During surgery, right after the insertion of electrodes in the cochlea, when the patient was anesthetized, we performed the assessment of the cochlear implant integrity (impedance telemetry). Impedance telemetry was performed at 250 pulses per second current for 25µs per phase and mean intensity of 100 current units (equivalent to approximately 0.2mA). Impedances were measures in modes monopolar MP1, monopolar MP2, monopolar MP1+2 and Common Ground (CG). Values were considered normal when between 1.5 kilo ohms (kΩ) and 20kΩ in modes MP1, MP2 and MP1+2 and between 0.7kΩ and 20kΩ in mode CG. Electrodes with abnormal impedances were not used for NRT recording, being replaced by an adjacent electrode.

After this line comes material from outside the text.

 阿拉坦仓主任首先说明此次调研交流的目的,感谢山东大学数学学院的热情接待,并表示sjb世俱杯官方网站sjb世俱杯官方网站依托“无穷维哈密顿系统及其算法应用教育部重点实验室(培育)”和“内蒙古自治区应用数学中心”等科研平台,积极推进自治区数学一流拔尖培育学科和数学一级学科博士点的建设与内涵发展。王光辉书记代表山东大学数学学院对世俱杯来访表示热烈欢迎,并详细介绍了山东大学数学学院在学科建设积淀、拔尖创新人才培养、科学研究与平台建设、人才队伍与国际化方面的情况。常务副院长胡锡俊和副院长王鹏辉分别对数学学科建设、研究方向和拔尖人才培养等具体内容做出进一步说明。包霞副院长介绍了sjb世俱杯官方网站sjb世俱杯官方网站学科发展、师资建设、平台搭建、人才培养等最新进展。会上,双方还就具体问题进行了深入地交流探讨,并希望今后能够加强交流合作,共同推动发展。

Measurement of NRT, performed next, used the paradigm of anticipated masking and subtraction method, in which the stimulus is transmitted with specific delay in relation to masking (data in sequence) to use the period refractory to auditory pathway neurons. The response to stimulus in such conditions is subtracted from responses to isolated stimuli, in an attempt to eliminate the artifacts and enable observation of the potential. The subtraction method is used automatically by the software to separate the neural responses from electrical artifacts. The masker level was placed at 10 current units above the level used to stimulation or probe level. The interpulse interval was fixed at 500 µs and the stimulation speed was at 80Hz in series of 25µs per phase. The other parameters, such as amplifier gain, delay (interval between end of stimulus and response recording) and distance between MP1 and MP2, were adjusted and modified according to what was proposed by Abbas et al. (1999) to reach the best wave morphology. The suggested gain by the manufacturer is of 60dB, but it was adjusted for 40dB when the responses presented saturation. The delay was defined according to number of artifacts so as to enable better visualization of wave N1. The number of stimulus presentations ranged from 100 to 200 for gains of 60dB and 40dB, respectively.

The amplitude growth curve was obtained by investigating 4 to 7 waves with different intensities, presenting an interval of five current units each, for tested electrodes (electrodes 20, 15, 10, 5 and 3). Latencies in peaks N1 and P1 were manually measured. Amplitude of EAP was determined by the difference in voltage between waves N1 and P1, and the program applied an adjustment in linear regression about the curve of amplitude growth, determining the thresholds of EAP and the inclination of the curve (I/O function) for each studied electrode.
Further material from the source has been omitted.